Hello everyone, I am Weixue AI. Today I will introduce the application of computer vision 5-Picasso-style image migration using the VGG model. This article will use the VGG model to realize the method of Picasso-style image migration. First, we will briefly explain the principle of image style transfer, and then use the PyTorch framework to implement the algorithm of Picasso-style image transfer step by step. Finally, we will present experimental results to verify the effectiveness of the algorithm.
Table of contents
I. Introduction
2. The principle of image style transfer
2.1. VGG Network
2.2. Content Loss
2.3. Style Loss
2.4. Total Loss
3. Algorithm implementation
Four. Summary
I. Introduction
Image style transfer is a technique that applies the artistic style of one image to another, resulting in images with different artistic styles. Among them, CNN-based style transfer technology is a relatively common method. The basic idea of this method is to learn how to separate the content information and style information of the input image by adding a style-related loss function to the convolutional neural network, and recombine the two to generate a new image. Image.
The implementation process of the Picasso style transfer algorithm can be divided into the following steps:
1. Use the convolutional neural network VGG to preprocess the input image and Picasso's artistic style image. The purpose of this step is to extract the features of the input image and the artistic style image as the basis for subsequent migration.
2. Define two loss functions: content loss and style loss.
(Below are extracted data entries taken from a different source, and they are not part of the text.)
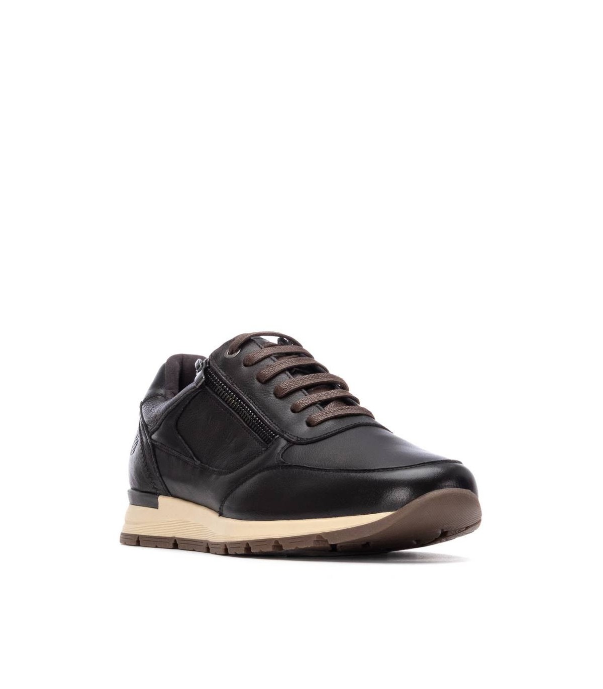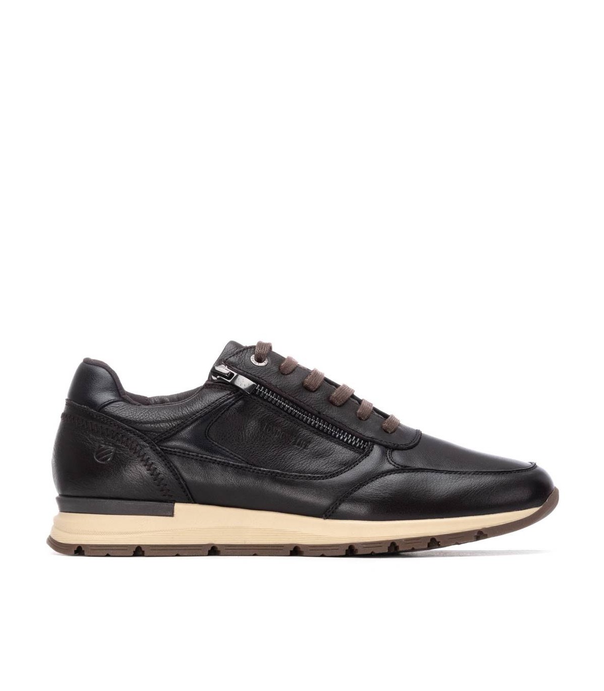 Zapatilla de caballero, de la marca Carmela. Fabricado en piel de alta calidad. Cierre mediante cremallera lateral y cordones ajustables. Suelo de cómoda goma antideslizante.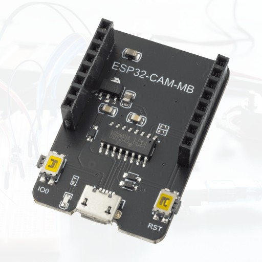 Ułatwia to dedykowana płytka z programatorem, która jest dołączona do zestawu. Wymiarami i złączami idealnie pasuje do ESP32-CAM.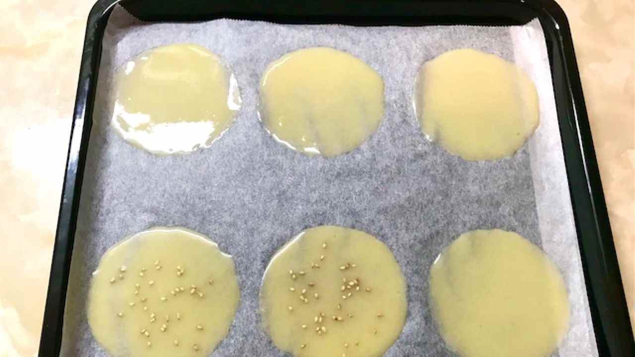 お好みで白ごまを散らしたら170℃のオーブンで8~10分、焼き色がつくまで焼きます。

The content loss is used to preserve the content information of the input image, while the style loss is used to capture the texture, color and detail information in the Picasso style.
3. The weighted sum of the two loss functions is used to obtain the total loss function, and the total loss function is minimized through optimization algorithms such as stochastic gradient descent, so as to achieve the purpose of applying Picasso's artistic style to the input image.
4. For a new input image, use the trained model for style transfer.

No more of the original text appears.